Насмешка любви - страница 3



И отпусти меня, Отче! Ну, пожалуйста, отпусти!

Уйду в скит, в монастырь. Построю храм Божий. Не пожалею миллионов. И назову в Твою честь. Самый лучший храм в мире построю. Только отпусти! Господи!!!

Не отпустишь – отрекусь от Тебя, уйду к Сатане – Люциферу или как там Его величают, Везеельвульфу. Тьфу ты, чёрт, не выговоришь. Или наконец к Аллаху, к Буде, к Шиве, к любому браману уйду, который подобен Богу. К любому верховному жрецу любой внеземной цивилизации.

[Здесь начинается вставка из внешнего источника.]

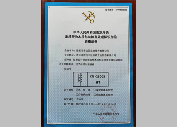 公司廠房占地20余畝,擁有專業(yè)機械設(shè)備30套,專業(yè)技術(shù)人員50余名。擁有一套現(xiàn)代化的能效高、效果好的熱處理窯,能較好的完成木材的干燥及有害生物的殺滅,已于2007年獲得出境木質(zhì)包裝標識加施資格,是連云港海關(guān)指定定點木包裝熱處理單位。經(jīng)我公司加工出口的木質(zhì)包裝年產(chǎn)量20萬套以上,產(chǎn)值1600萬余元。目前是連云港區(qū)域同行業(yè)規(guī)模及產(chǎn)能最大的專業(yè)生產(chǎn)廠家。
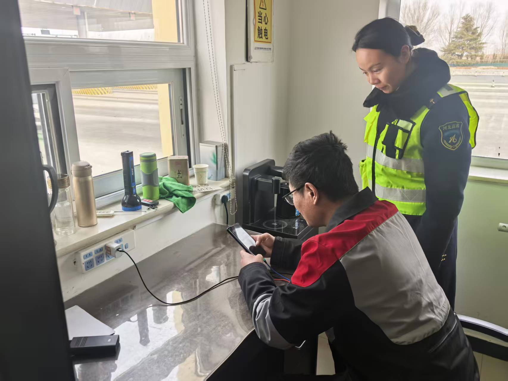 为避免造成车道拥堵,收费员一边微笑安抚司机:“师傅别着急,我们来帮您”,一边呼叫疏导员引导车辆安全停靠至外广场便民区域。随后,疏导员从便民服务亭取出手机充电器,细心帮司机连接调试,全程耐心等候。十分钟后,司机手机成功开机,顺利完成缴费。

Ну, отпусти же меня, Господи! Отпусти!»

Мир его поблёк, потускнел, сузился до размеров мрачной камеры – размером шесть на четыре метра. И только лишь одно радовало его в эти минуты – то, что в том другом мире, где ярко и приветливо светит солнце и поют по ночам соловьи, из которого его так безжалостно выдернули, он обеспечил надолго и по-царски свою детвору – отчего на душе становилось и теплей, и отраднее. Лицо его осветилось лёгкой улыбкой. Сожалел лишь только о том, что управлять всем тем богатством, что осталось за пределами камеры, теперь долго придётся не ему. А там, глядишь, кривая и вывезет. И всё забудется. И он снова станет уважаемым человеком.

С тем и задремал.

Ему снилось, что бредёт он по раскалённой солнцем пустыне уже третьи сутки, без воды и пищи. И когда, окончательно обессилев, хочет уже лечь на песок и дожидаться своей смерти, вдруг видит, как перед ним на спуске раскрывается прямоугольный вход под бархан, из которого веет живительной прохладой. А за входом – огромное круглое помещение с идеально отполированными глиняными стенами, полом и потолком, и без единой колонны, и неизвестно откуда струящимся лёгким, будто бы призрачным светом, и многочисленными дверьми по сторонам. Немного поразмыслив, он открывает одну из дверей и оказывается в небольшой каморке, такой же глиняной и так же безукоризненно отполированной, но пустой, с единственным ярко сияющим и наглухо задраенным иллюминатором, за которым ни движения, ни света – тьма. Он было повернулся, чтобы выйти, но дорогу ему преградили двое мужчин в непривычной для земного глаза униформе. И молчаливо чего-то ждали, время от времени терпеливо поглядывая через плечо в центр зала. А там – тоже двое – в строгих костюмах, но только мужчина и женщина, разговаривали с маленькой девочкой, о чём-то умолявшей их и даже со слезами опустившейся на колени. Он узнал её, свою Сашеньку. Но почему-то не мог не только сдвинуться с места и пошевелиться, но даже крикнуть, чтобы обратить на себя внимание. А Сашенька, его Сашенька, так и не добившись, по-видимому, своего, повернулась к нему спиной и пошла, как-то необычно ссутулившись, к выходу, поднимаясь всё выше и выше туда, откуда он только что пришёл.


В мягком свете ночника в тёплой и уютной постельке мирно спала десятилетняя девочка, а рядом, на прикроватном столике, лежал тетрадный листок в клеточку со старательно выведенными детским почерком буковками.


«Милый дедушка!

После несчастья, которое свалилось на тебя, к нам из Нью-Йорка прилетела бабушка, чтобы забрать нас с мамой в Америку. Так и не добившись, ни за какие коврижки, свидания с тобой, чтобы подписать какие-то там документы, она умерла от разрыва сердца – или инфаркта, как сказали врачи. Два дня назад мы похоронили её. Мама всё время плачет. Говорит, что от стыда глаза девать ей некуда, и что она бы покончила с собой, если бы не я. И что будь её воля, бросила бы всё и уехала бы, куда глаза глядят, хоть к чёрту на кулички. Только бы от стыда подальше. В свалившемся на нас несчастье мама винит только тебя одного, говорит, что нашего деда жадность подвела. Да разве ты жадный? Почти каждый день и мне, и маме что-нибудь гламурненькое дарил.